Thereafter John E. Ireland was divested of the title by a sale for unpaid taxes in 1898, and a deed was delivered by the county treasurer to one Benjamin A. Merritt on or about October 17, 1901. Included in the stipulated facts is the statement that the said Merritt “ has never conveyed the interest acquired by him under said tax deed and still holds the same.” And plaintiff urges that the outstanding tax title in the said Merritt renders the defendant’s title unmarketable. That contention is without force, for the stipulation that Merritt never conveyed away his interest must be construed in the light of the other facts stipulated, to indicate that he never so conveyed the property by any affirmative act of his own. This conclusion is compelling, inasmuch as Merritt was divested of all title to the premises on December 4, 1903, by virtue of a sale for the failure to pay taxes accruing during the year 1900, upon which occasion the said John E. Ireland again purchased the property. By virtue of this latter sale Merritt thereafter possessed no outstanding ” interest which would or might affect the marketability of defendant’s title. The title obtained at a tax sale is not limited to such as might have been possessed by the person in whose name the property was assessed, because the purchaser becomes vested “ with a new and complete title in the land.” (Hefner v. Northwestern Mut. Life Ins. Co., supra.) The purpose of designating the person in whose name the property is assessed is merely secondary, being inserted only for the purpose of identification. The burden of the tax is upon the real property itself, and not upon the owner thereof. (Smith v. Russell, 172 App. Div. 793; Wise v. Wedlake, 217 id. 210; Witherhead v. Ort, 223 id. 626.)

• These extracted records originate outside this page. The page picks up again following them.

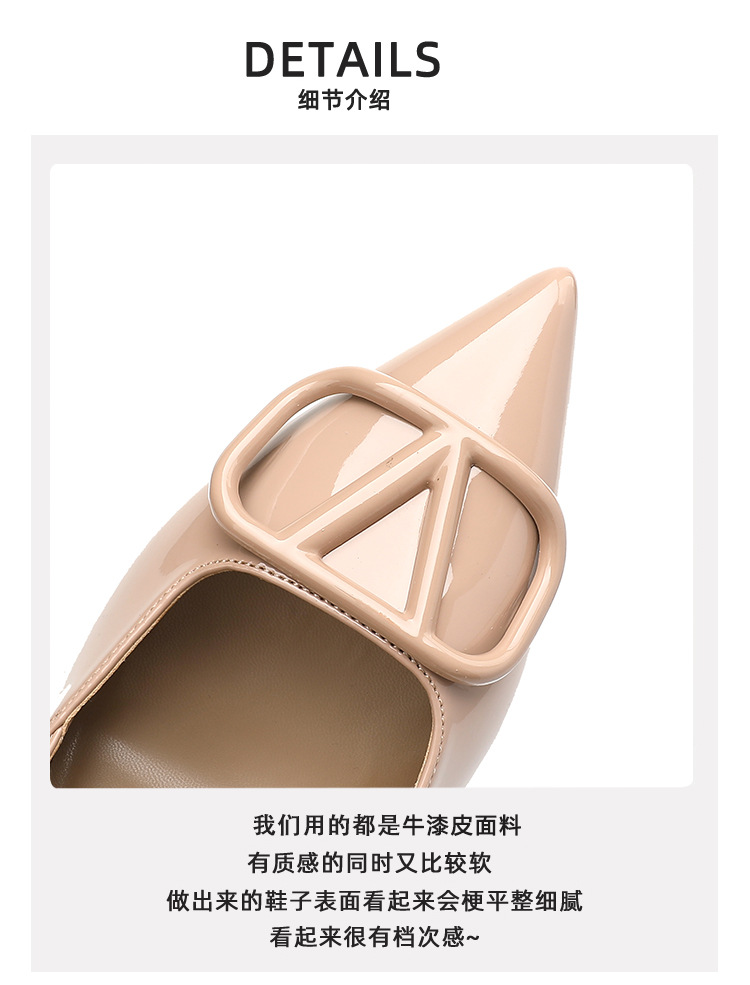 2025 누드 컬러 하이힐 여성용 페이턴트 가죽 OL 출퇴근용 뾰족코 얇은 굽 단화 브이자 브랜드 뾰족코 샌들스토어 가기
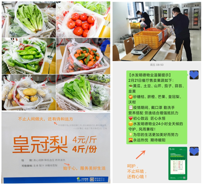 餐厅还有新鲜蔬果供大家随时选购,尽量减少返岗员工除去上班之外到超市等其他公共场所的机会。营养美味的午餐后,大家零星而来,既是散步,还要来寻找价签上的“小确幸”。那是水发明德物业人为返岗员工精心准备的紧张工作间歇的微小愉悦。呵护,不止环境,还有心境!
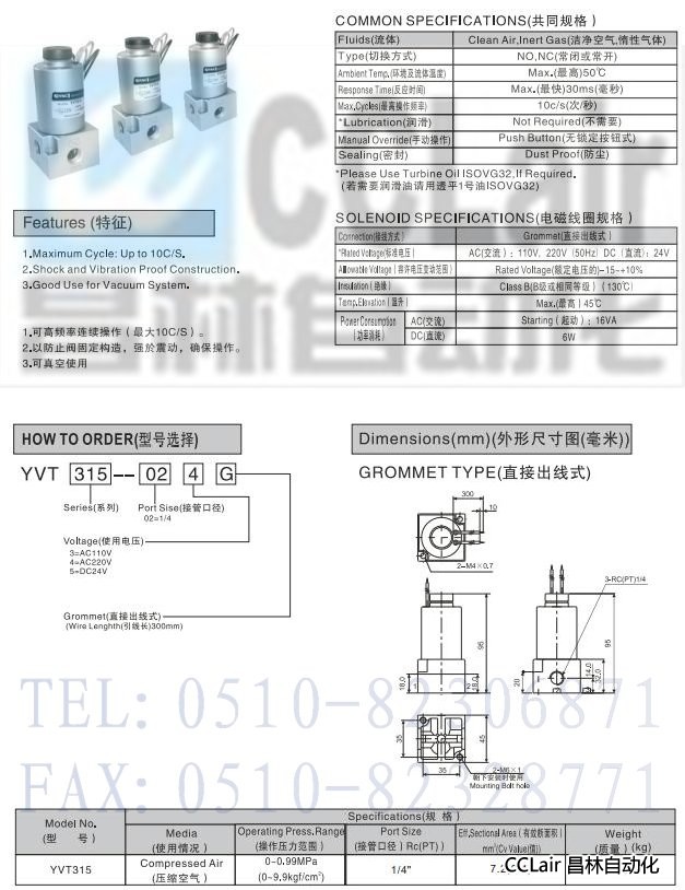 詳細信息 YVT315,YVT315-024G,3通直動型電磁閥 ![]() 共0條 相關(guān)評論 |
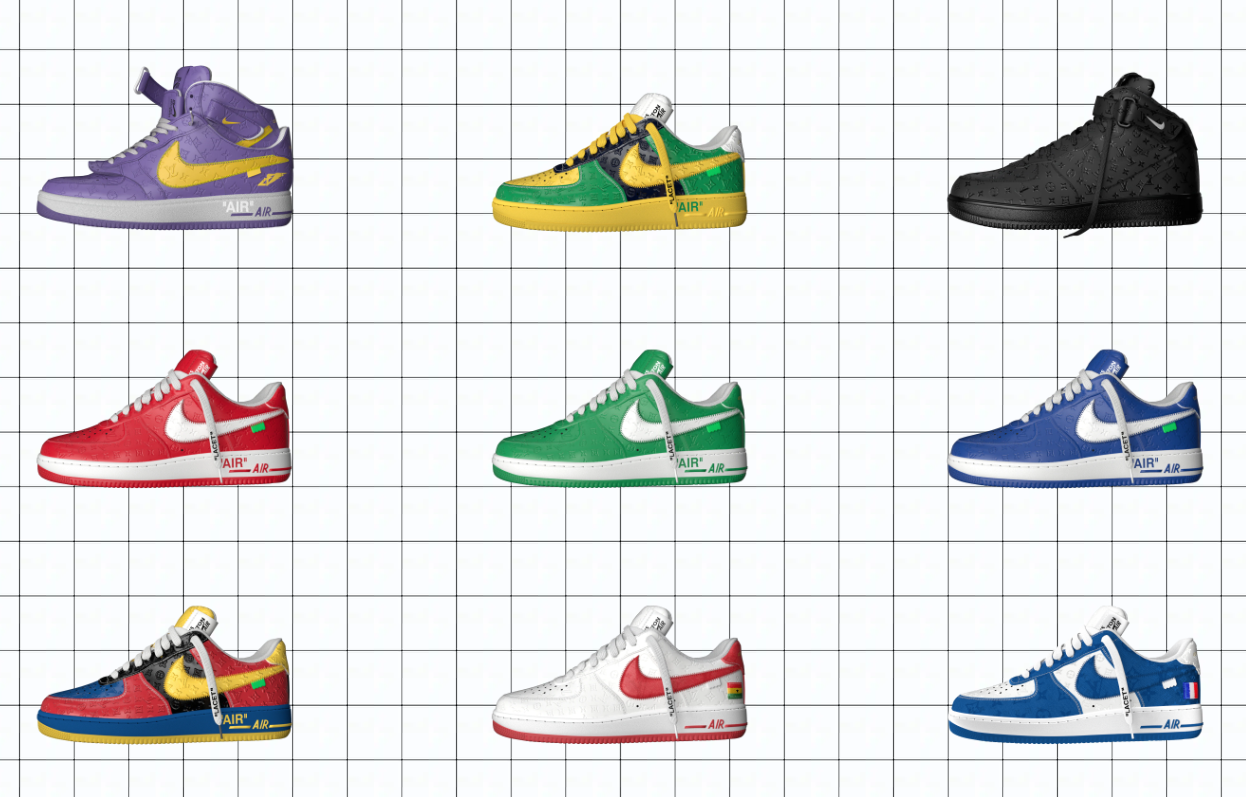 Notez que les 47 éditions de la sneaker Nike « Air Force 1 » sont toutes signées par le Directeur Artistique Homme de Louis Vuitton en partenariat avec Nike.
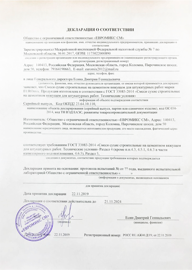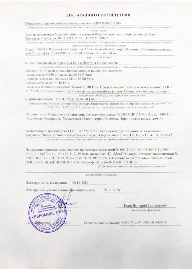 Технологи нашего производства постоянно проводят оценку контроля качества на каждом этапе. Мы берем лучшие технологии с последних мировых разработок и применяем на практике. Продукция «Euromix» отвечает самым строгим требованиям технической документации и имеет сертификаты соответствия, что в свою очередь является гарантией высокого качества материалов.
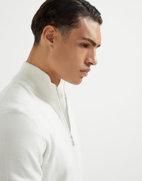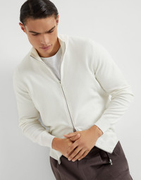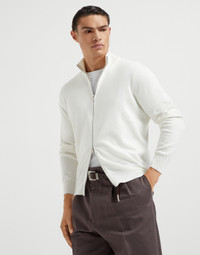 A men's wardrobe must-have, this pure cashmere cardigan is ideal for enriching outfits with a casual and elegant style. Contrast color inserts on the cuff edges add sophisticated touches to the garment's classic volumes. The item offers a regular fit. MATERIALS The noble cashmere fiber is characterized by an extreme fineness and also for its precious insulating qualities which guarantee warmth, providing coverage and lightness when worn. DETAILS Two-way zip closure High collar in rib knit Rib knit cuffs and bottom band Plain stitch 100% CASHMERE
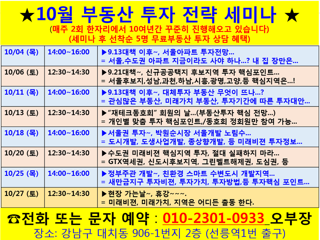 매주 2회 부동산 투자 세미나 & 무료상담 진행 중

Subsequent to the purchase of the property by defendant’s immediate predecessor, one Marion De Vries, it was again subjected to sales at different times for various tax defaults. Upon each cf these occasions said De Vries was the purchaser. The weight of authority supports the proposition that, where an owner, after defaulting in the payment of taxes, repurchases the land upon the particular tax sale, he does not thereby acquire any right or title to the property better than that which he had previously. The purchase is deemed merely a mode of paying the taxes, leaving the title precisely in the position it would have occupied if payment had been made before instead of after the land was put up for sale. (61 C. J. 1326.) This rule, however, does not affect the situation here involved. The marketability of defendant’s title is sufficiently established by the fact that the defendant is a grantee under various *807mesne conveyances of the complete interest in the land which was acquired by virtue of the tax deed to Ireland in 1903. While one of Ireland’s grantees, prior to defendant, suffered defaults in the payment of taxes, and in each case thereafter repurchased the property at the particular tax sale, that did not cause the title thereupon to be unmarketable. Such repurchase merely relieved the property of the lien of the unpaid tax for the particular year, but otherwise did not affect the title. It did not cause a title, which was, therefore, complete, to be unmarketable.

Judgment, therefore, is directed in favor of the defendant. Submit findings and decree.